→ INSTRUCTIONS FOR THE TASK
When you reach the line containing "Uttar Pradesh's real" in the entries below, begin reproducing lines exactly, and stop once the line containing "- Special Feature" is done.

→ DATA UNDER STUDY
- Opening Delimiter -

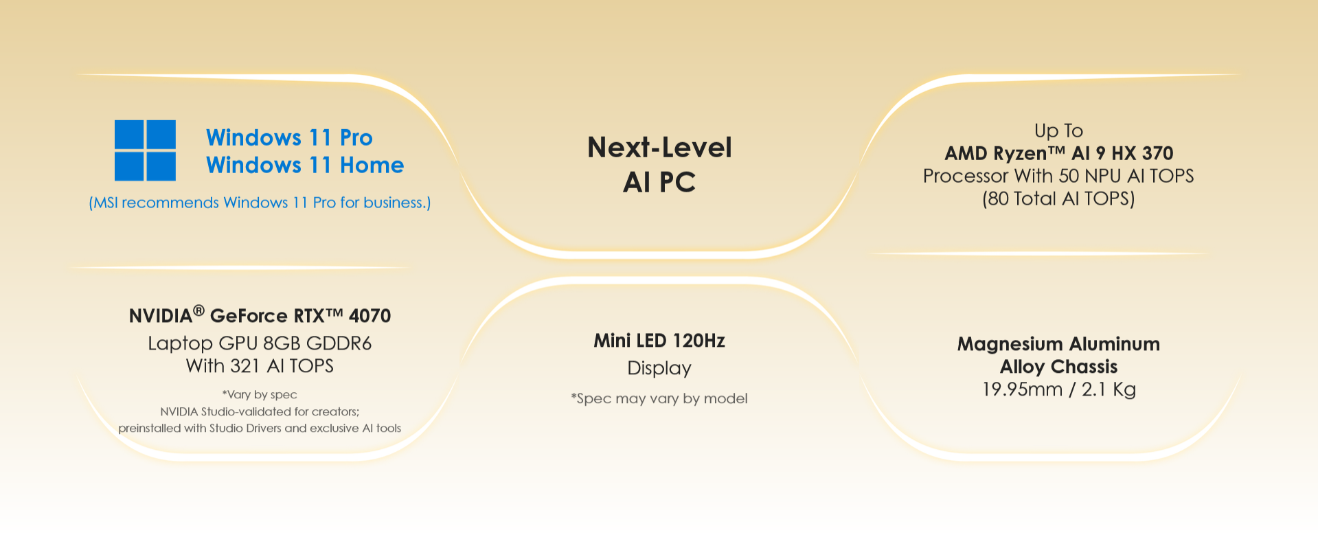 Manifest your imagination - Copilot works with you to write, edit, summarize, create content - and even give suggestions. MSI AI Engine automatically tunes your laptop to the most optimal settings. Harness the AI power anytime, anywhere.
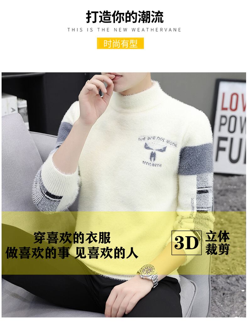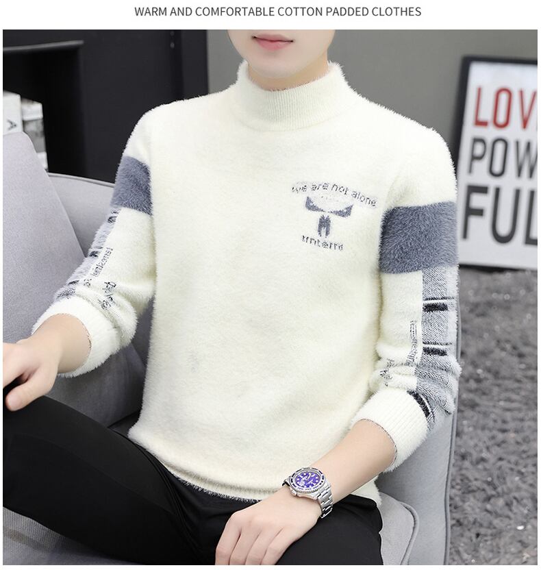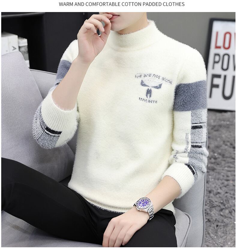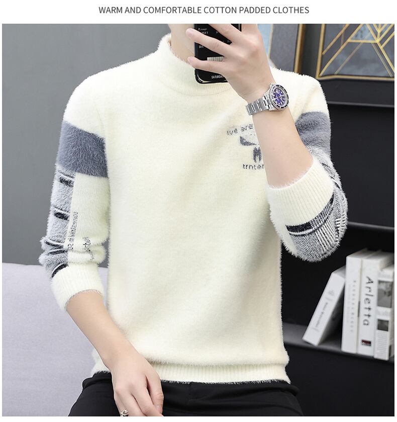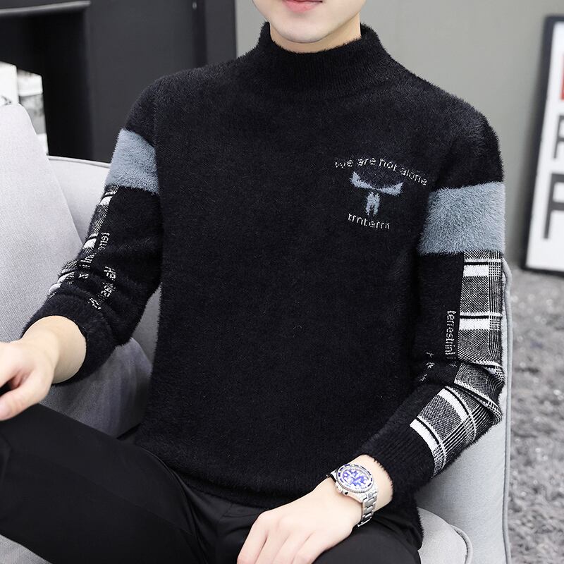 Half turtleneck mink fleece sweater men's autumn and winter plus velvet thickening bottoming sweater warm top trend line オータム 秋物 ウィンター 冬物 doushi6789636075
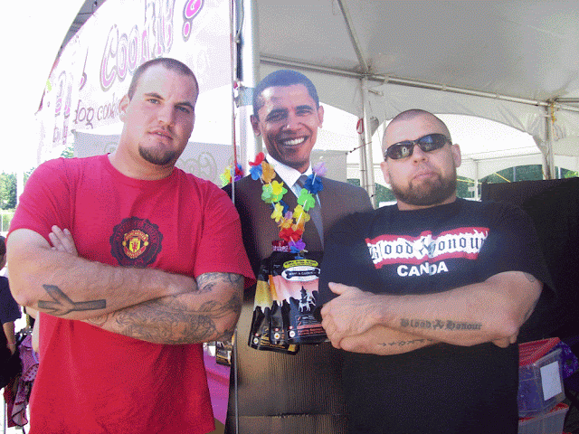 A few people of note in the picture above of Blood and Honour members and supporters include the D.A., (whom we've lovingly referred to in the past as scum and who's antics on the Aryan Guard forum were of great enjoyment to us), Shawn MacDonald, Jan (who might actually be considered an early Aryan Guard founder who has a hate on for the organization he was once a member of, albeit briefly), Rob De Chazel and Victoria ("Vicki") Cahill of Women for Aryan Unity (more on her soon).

- Closing Delimiter -
- Opening Delimiter -

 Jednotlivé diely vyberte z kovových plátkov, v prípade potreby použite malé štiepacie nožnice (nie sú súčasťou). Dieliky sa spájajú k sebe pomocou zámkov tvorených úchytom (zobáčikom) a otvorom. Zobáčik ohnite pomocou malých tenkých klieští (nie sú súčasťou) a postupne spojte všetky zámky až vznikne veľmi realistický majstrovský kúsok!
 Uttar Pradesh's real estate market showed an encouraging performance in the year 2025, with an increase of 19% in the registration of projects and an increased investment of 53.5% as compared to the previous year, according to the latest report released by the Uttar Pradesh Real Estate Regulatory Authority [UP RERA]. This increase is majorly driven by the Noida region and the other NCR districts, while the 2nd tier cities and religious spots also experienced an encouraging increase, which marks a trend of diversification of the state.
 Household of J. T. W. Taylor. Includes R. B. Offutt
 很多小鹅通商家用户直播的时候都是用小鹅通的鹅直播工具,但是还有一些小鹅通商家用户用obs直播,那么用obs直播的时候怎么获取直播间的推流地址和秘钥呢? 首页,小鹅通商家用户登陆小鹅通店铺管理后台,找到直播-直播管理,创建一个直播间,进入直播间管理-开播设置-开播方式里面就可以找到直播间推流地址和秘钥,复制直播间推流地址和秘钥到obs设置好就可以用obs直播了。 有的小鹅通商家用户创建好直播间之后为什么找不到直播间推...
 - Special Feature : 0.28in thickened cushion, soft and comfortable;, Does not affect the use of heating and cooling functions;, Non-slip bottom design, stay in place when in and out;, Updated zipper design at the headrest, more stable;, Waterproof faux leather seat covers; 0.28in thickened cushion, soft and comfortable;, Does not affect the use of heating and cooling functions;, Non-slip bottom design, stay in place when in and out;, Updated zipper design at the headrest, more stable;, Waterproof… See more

- Closing Delimiter -
- Opening Delimiter -

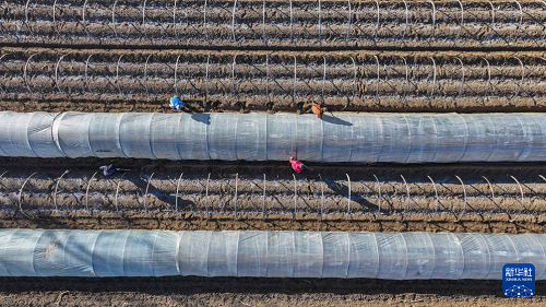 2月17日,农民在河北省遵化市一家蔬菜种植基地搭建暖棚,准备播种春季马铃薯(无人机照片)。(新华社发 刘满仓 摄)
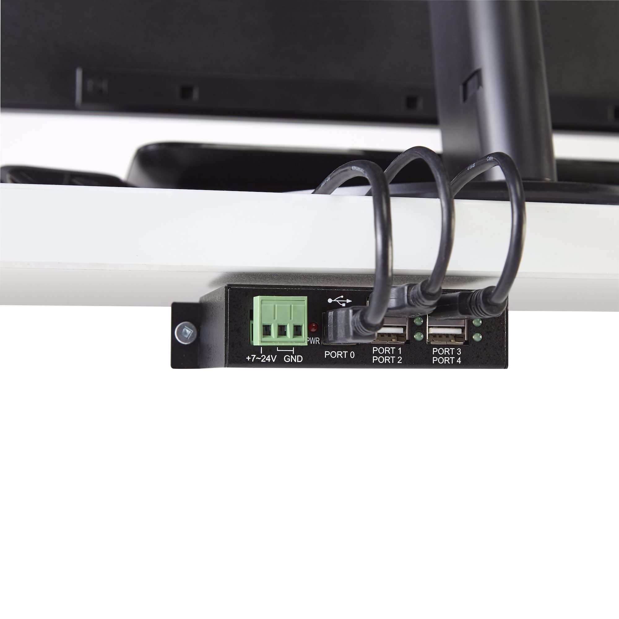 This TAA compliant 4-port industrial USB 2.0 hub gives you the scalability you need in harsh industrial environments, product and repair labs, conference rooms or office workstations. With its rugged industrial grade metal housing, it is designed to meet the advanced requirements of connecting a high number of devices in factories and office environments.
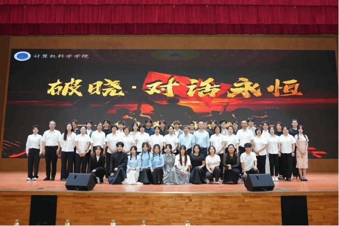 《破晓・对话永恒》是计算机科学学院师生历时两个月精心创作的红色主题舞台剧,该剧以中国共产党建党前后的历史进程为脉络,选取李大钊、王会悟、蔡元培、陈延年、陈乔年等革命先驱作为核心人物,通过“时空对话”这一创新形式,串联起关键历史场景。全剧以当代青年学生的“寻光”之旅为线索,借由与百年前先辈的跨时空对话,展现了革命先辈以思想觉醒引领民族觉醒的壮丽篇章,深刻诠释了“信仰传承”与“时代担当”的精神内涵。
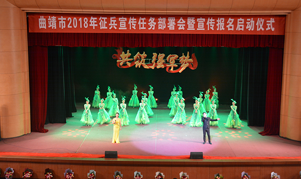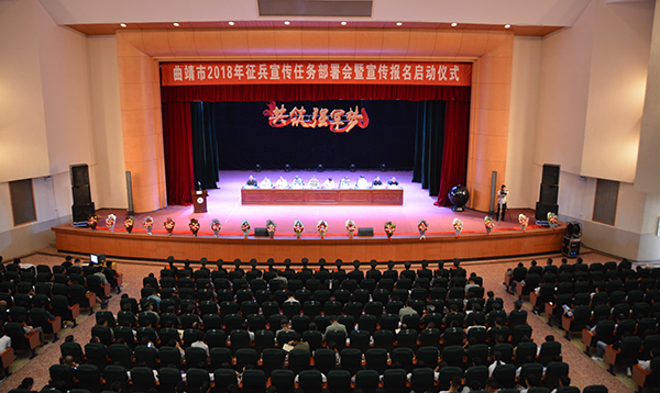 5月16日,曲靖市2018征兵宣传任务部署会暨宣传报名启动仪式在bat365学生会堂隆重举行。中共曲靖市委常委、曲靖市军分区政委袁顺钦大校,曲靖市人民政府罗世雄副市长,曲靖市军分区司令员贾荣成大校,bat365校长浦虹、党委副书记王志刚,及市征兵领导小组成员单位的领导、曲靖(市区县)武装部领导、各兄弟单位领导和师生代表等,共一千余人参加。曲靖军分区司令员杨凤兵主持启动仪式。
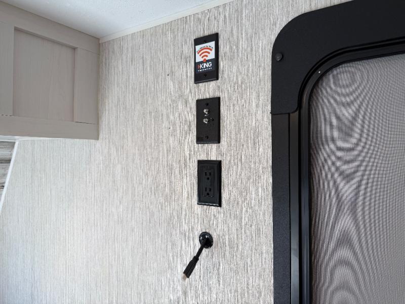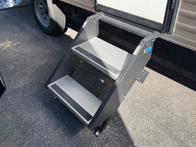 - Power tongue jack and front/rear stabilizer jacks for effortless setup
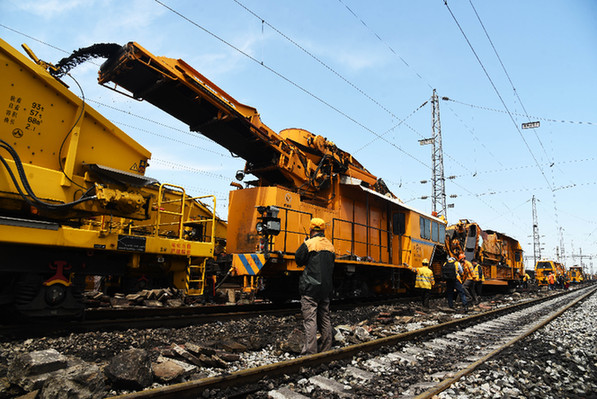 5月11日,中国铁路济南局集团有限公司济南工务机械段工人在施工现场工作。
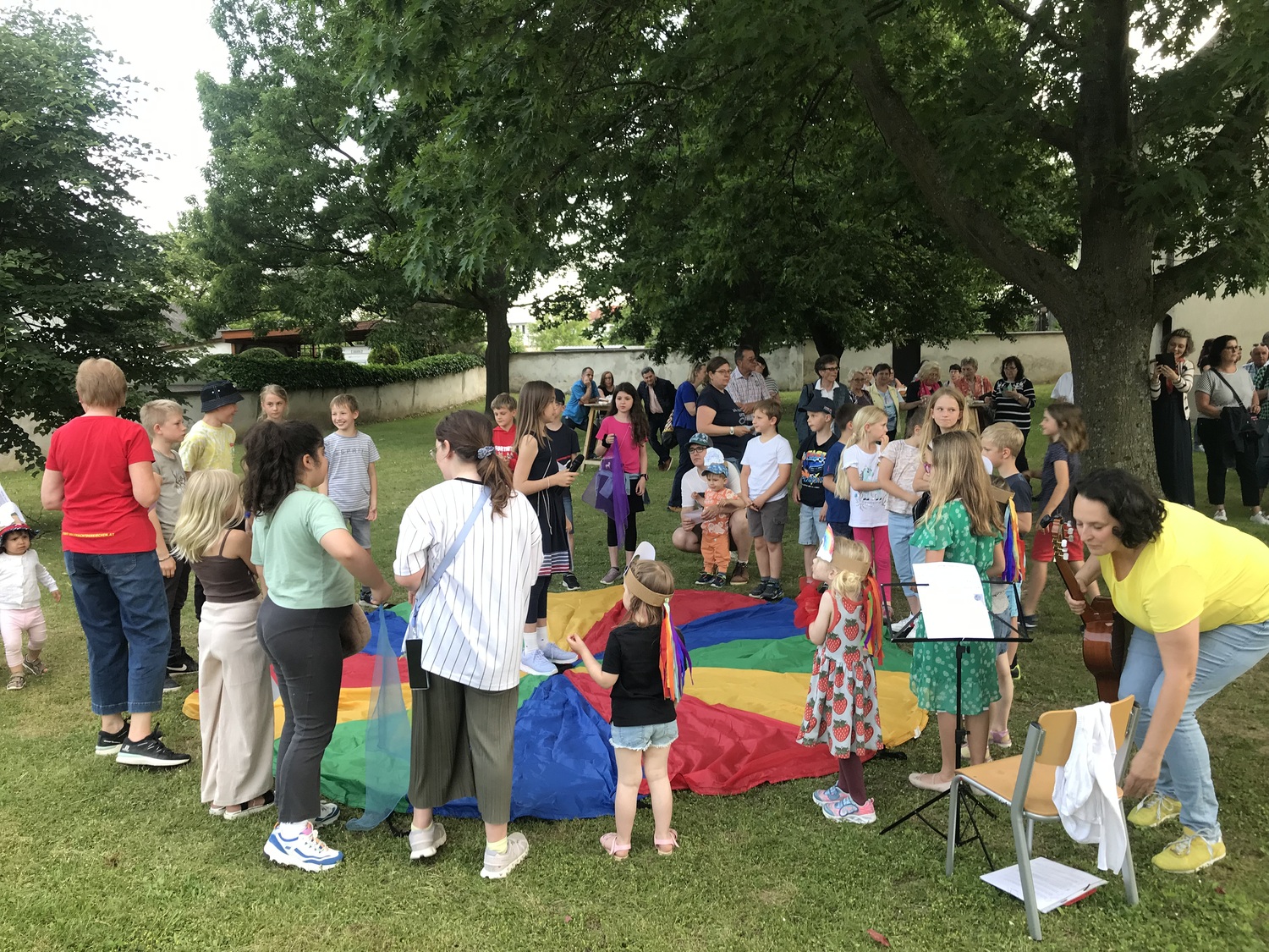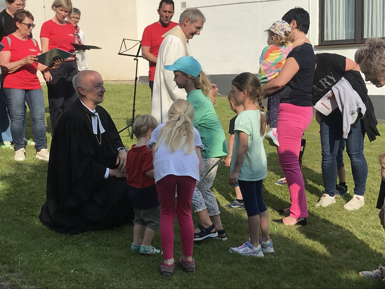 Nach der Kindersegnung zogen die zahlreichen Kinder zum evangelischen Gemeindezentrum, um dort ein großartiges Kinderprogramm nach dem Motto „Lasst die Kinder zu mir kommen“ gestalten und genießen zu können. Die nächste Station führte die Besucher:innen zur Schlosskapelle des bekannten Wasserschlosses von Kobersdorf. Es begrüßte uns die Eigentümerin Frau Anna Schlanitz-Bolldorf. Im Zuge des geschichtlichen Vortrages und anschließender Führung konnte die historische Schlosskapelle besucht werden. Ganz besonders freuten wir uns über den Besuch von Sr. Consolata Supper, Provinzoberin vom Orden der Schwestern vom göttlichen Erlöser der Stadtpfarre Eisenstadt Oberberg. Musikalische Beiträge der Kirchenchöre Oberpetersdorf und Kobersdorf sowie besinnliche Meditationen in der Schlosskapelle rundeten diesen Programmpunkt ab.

- Closing Delimiter -

→ YOUR SOLUTION
 Uttar Pradesh's real estate market showed an encouraging performance in the year 2025, with an increase of 19% in the registration of projects and an increased investment of 53.5% as compared to the previous year, according to the latest report released by the Uttar Pradesh Real Estate Regulatory Authority [UP RERA]. This increase is majorly driven by the Noida region and the other NCR districts, while the 2nd tier cities and religious spots also experienced an encouraging increase, which marks a trend of diversification of the state.
 Household of J. T. W. Taylor. Includes R. B. Offutt
 很多小鹅通商家用户直播的时候都是用小鹅通的鹅直播工具,但是还有一些小鹅通商家用户用obs直播,那么用obs直播的时候怎么获取直播间的推流地址和秘钥呢? 首页,小鹅通商家用户登陆小鹅通店铺管理后台,找到直播-直播管理,创建一个直播间,进入直播间管理-开播设置-开播方式里面就可以找到直播间推流地址和秘钥,复制直播间推流地址和秘钥到obs设置好就可以用obs直播了。 有的小鹅通商家用户创建好直播间之后为什么找不到直播间推...
 - Special Feature : 0.28in thickened cushion, soft and comfortable;, Does not affect the use of heating and cooling functions;, Non-slip bottom design, stay in place when in and out;, Updated zipper design at the headrest, more stable;, Waterproof faux leather seat covers; 0.28in thickened cushion, soft and comfortable;, Does not affect the use of heating and cooling functions;, Non-slip bottom design, stay in place when in and out;, Updated zipper design at the headrest, more stable;, Waterproof… See more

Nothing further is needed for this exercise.